(Provided data)

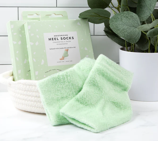 Fall head over heels for our Moisturizing Heel Socks, an easy-to-use, comforting addition to your foot care routine. The fuzzy, ultra-soft socks feature a gel lining infused with jojoba oil and olive oil to intensely moisturize, nourish, and repair dry heels in just 30 minutes. Washable and reusable, the toeless socks can be used up to 50 times and are activated by body heat.
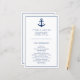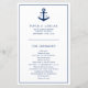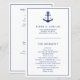 Programa náutico de casamento com uma âncora azul marinho com seu monograma em ambos os lados, sobre um fundo branco. A frente tem seus eventos de cerimônia e a parte de trás tem sua festa de casamento. Um design simples, mas elegante, perfeito para uma celebração temática na praia no verão. Estes programas de casamento baratos são impressos em folhas de papel para uma opção econômica.
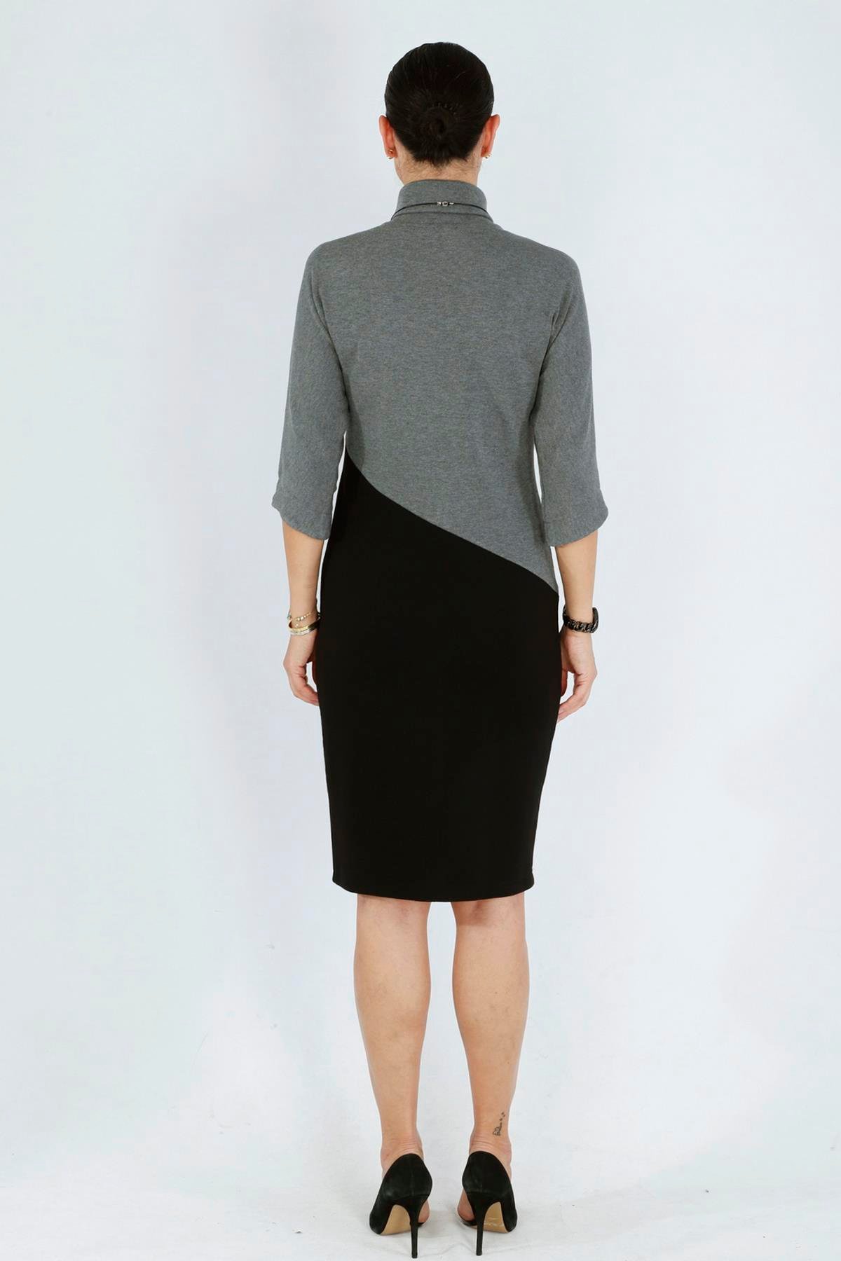 Şıklığı ve rahatlığı bir araya getiren gri triko elbise, deri cep detayı ve şık kolyesiyle modern bir stil sunar.

(End Provided data)

Prompt ::
Leave out the pictures; repeat the data exactly.

Written response ::
 Fall head over heels for our Moisturizing Heel Socks, an easy-to-use, comforting addition to your foot care routine. The fuzzy, ultra-soft socks feature a gel lining infused with jojoba oil and olive oil to intensely moisturize, nourish, and repair dry heels in just 30 minutes. Washable and reusable, the toeless socks can be used up to 50 times and are activated by body heat.
 Programa náutico de casamento com uma âncora azul marinho com seu monograma em ambos os lados, sobre um fundo branco. A frente tem seus eventos de cerimônia e a parte de trás tem sua festa de casamento. Um design simples, mas elegante, perfeito para uma celebração temática na praia no verão. Estes programas de casamento baratos são impressos em folhas de papel para uma opção econômica.
 Şıklığı ve rahatlığı bir araya getiren gri triko elbise, deri cep detayı ve şık kolyesiyle modern bir stil sunar.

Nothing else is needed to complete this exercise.